I replied there, but I'll copy my reaction here to your thread:

**********************
Thanks Mary Ann for bringing up that GM/Monsanto controversy article on "Mysterious Plant Disease Raises Questions on Modified Crops" in today's paper. (For TVPClub readers who do not get the "Daily Sun" (our paper in The Villages area), here is a link to the story. [NOTE: This link only gets you the first part of what was published in the Daily Sun.]

Although skimming the story may support alarm about GMO, a detailed reading dispells any concern.

Paragraph #3: " Scientists, who first spotted the disease in Arkansas in 1971 — more than 20 years before Monsanto introduced its Roundup Ready soybeans in the U.S. — blame damp weather and a fungus that rots the plant roots." Nothing new, "sudden death syndrome" is well known and predates GMO by two decades.

Don M. Huber, 76, the emeritus prof who is the source of the claim of GMO responsibility, has refused to make public any evidence of his claims.

Paragraph #8: "'This organism appears NEW to science!' Huber wrote ..."[upper case and exclamation in original].

Not only may it be linked to "sudden death syndrome" in soybeans, but it may also be linked to infertility in livestock, according to Huber (but not to any infertility in Huber's family that consists of 11 children and 36 grandchildren :^).

The remainder of the story tells how experts from the Agriculture Department and even his own college and professional society are distancing themselves from his wild and unsubstantiated claims.

But, you can read the story for yourselves - all the way through as I did - and make up your own minds.

********************

Bottom line:

1) The "canary" of "Sudden Death Syndrome" first "sang" back in 1971, over two decades before GMO.

2) The disease is not "NEW to science!" as emeritus (i.e., old :^) Prof.
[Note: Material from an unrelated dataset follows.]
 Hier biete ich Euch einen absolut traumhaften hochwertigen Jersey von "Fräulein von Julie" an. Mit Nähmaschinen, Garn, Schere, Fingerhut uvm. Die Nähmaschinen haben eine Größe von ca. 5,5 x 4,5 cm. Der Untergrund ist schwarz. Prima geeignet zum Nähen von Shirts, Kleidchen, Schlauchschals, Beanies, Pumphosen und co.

Huber claims.

3) The "canary" is very much alive and feasting on the grain produced in unprecedented quantity and quality by GMO technology.

Ira Glickstein

Anonymous said...

Hi Don Hess,

I am writing on behalf of Dr. Alessandra Bonanni from the Division of Chemistry & Biological Chemistry, School of Physical and Mathematical Sciences, at Nanyang Technological University (NTU) in Singapore.

We are currently working on a Technology Enhanced Learning project to convert some of the content from her course “Current Topics in Analytical Chemistry” to an online format. Dr. Alessandra Bonanni would like to use the image “The First "Canary in the Coalmine"?" as a visual guide to explain the concept of Analytical Chemistry. The image will be embedded to her online video lesson as an instructional method to help her students extend their understanding of Analytical Chemistry.
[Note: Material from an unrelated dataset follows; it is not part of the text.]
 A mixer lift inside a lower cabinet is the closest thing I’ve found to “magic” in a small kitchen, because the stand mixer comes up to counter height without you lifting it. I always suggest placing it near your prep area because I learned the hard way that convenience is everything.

As such, we would like to seek approval to use the image of “Cyclic voltammetry of creatinine solutions measured using creatinine-imprinted by a commercial potentiostat” for the online video lesson. This online video lesson is strictly for the educational purposes and will only be disseminated through NTU’s Learning Management System, NTULearn, which is a non-public platform exclusive to students of NTU and accessed only through username and password. Additionally, only students of the Division of Chemistry & Biological Chemistry course will have access to this online video lesson during the semester they are taking the course. Students will not be able to download it and disseminate it in any way.

Please let us know if we can use this image in the online video lesson that we are producing. We can provide you with more details of the video lesson if needed. We also seek your assistance to direct us to the relevant department or personnel should this issue not be in your purview.

Thank you and we look forward to your reply soon.